Studio album by Rivermaya
- Released: February 14, 1996
- Studio: Digital FX International Inc.
- Genre: OPM, Alternative Rock, Dream pop
- Label: Musiko Records BMG Records (Pilipinas) Inc.
- Producer: Rico Blanco, Chito S. Roño & Lizza G. Nakpil

Rivermaya chronology
| RiverMaya (1994) | Trip (1996) | Atomic Bomb (1997) |

= Trip (Rivermaya album) =

Trip is the second studio album by Filipino rock band Rivermaya. It has 13 tracks and was released by BMG Records (Pilipinas) Inc. in 1996. It is the first album to introduce Rico Blanco as the band's full-time guitarist following the departure of Perf de Castro the previous year. Since the album release, the album went gold overnight and reached platinum status in six days and the carrier single "Kisapmata" became the most requested tune in Top Rating FM Stations. On June 30, 1996, the band launched their first Music Video for their next single "Himala" at the TV show ASAP.

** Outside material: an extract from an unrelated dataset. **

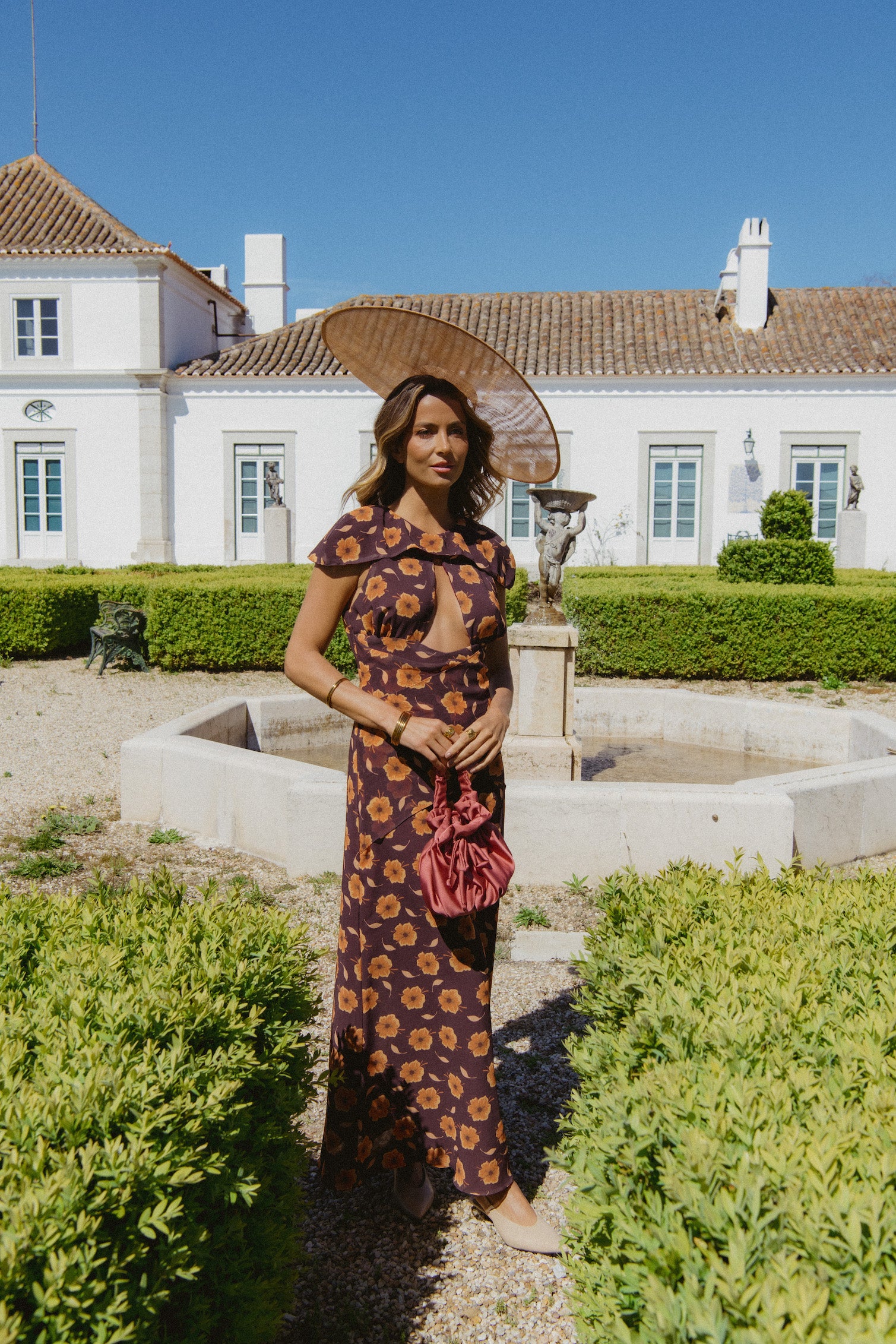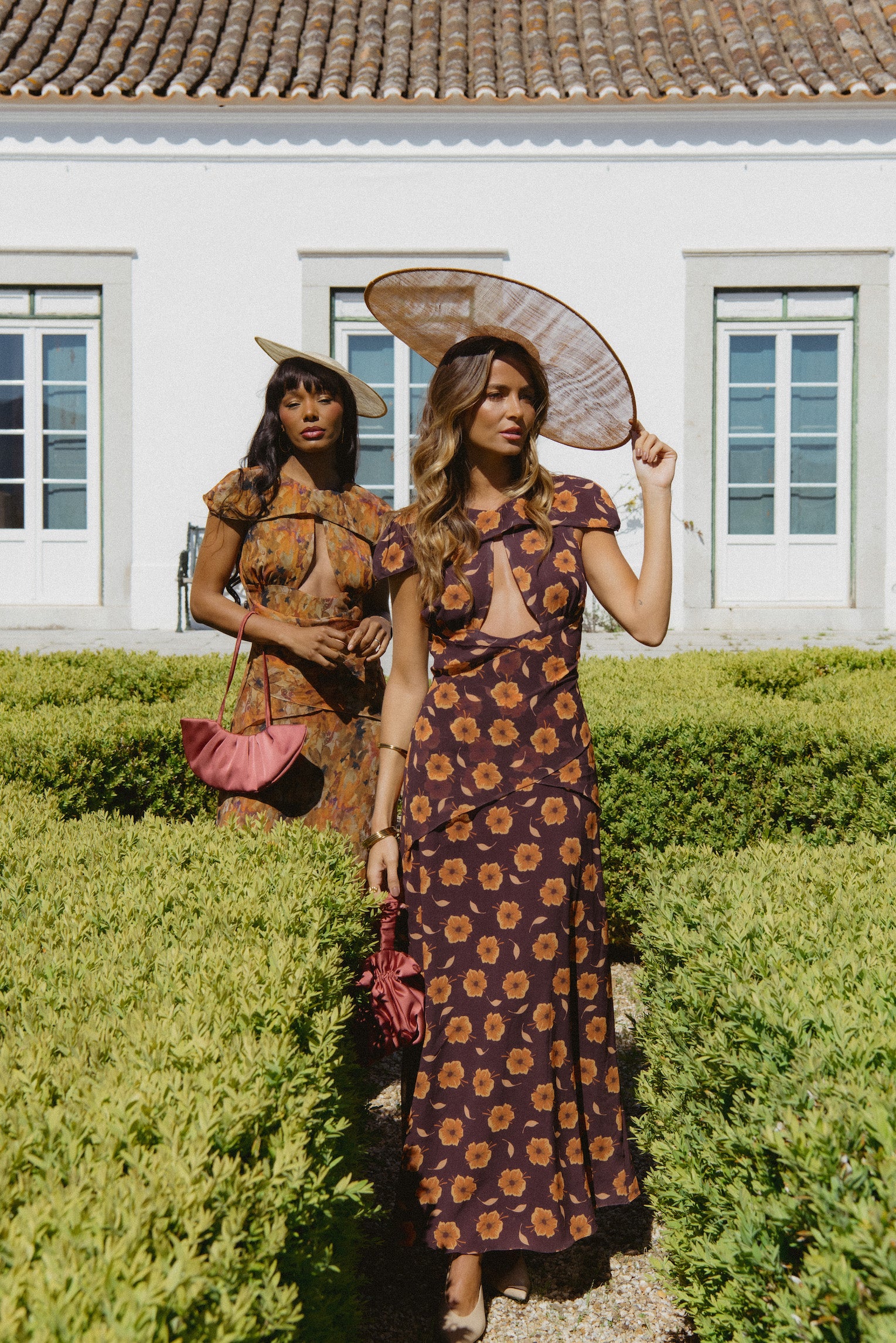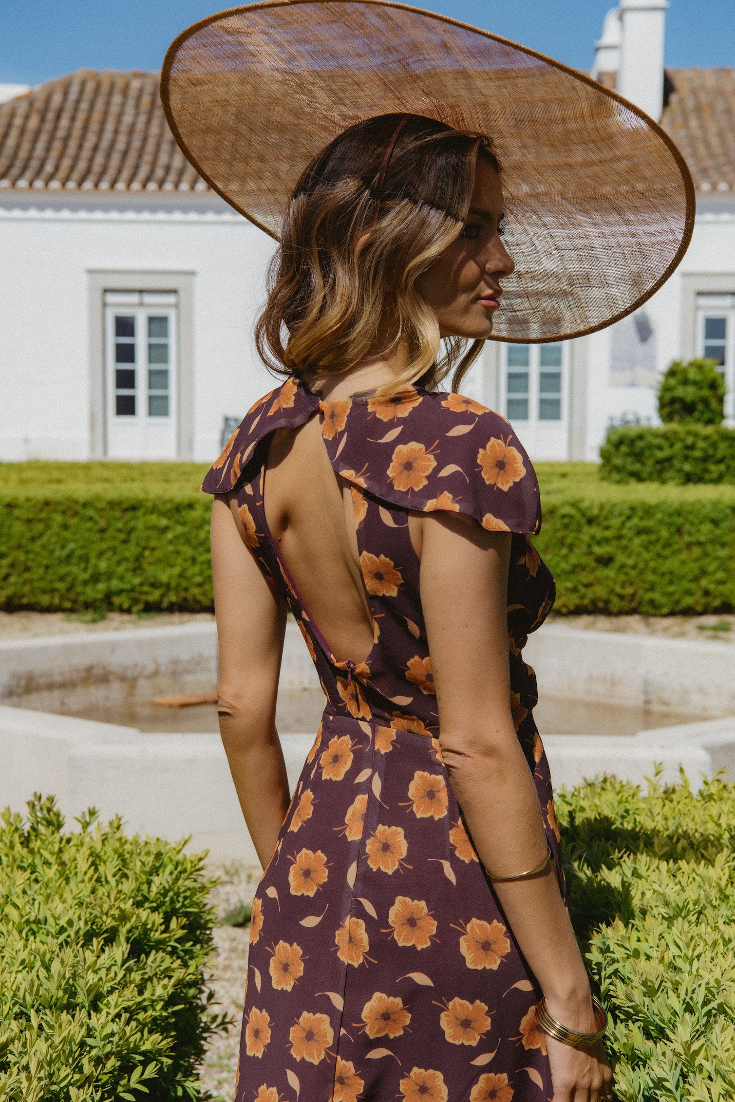 Long dress in lightweight fabric with floral print. Structured neckline with an overlay detail and subtle front cut-out. Defined waist with soft draping. Flowing A-line skirt. Open back with invisible zipper.

The album saw the band's departure from its AOR-oriented sound in favor of more alternative rock direction that continued for subsequent albums.

Professional ratings
Review scores
| Source | Rating |
| Allmusic | review |

== Track listing ==
All tracks written by Rico Blanco, except where noted.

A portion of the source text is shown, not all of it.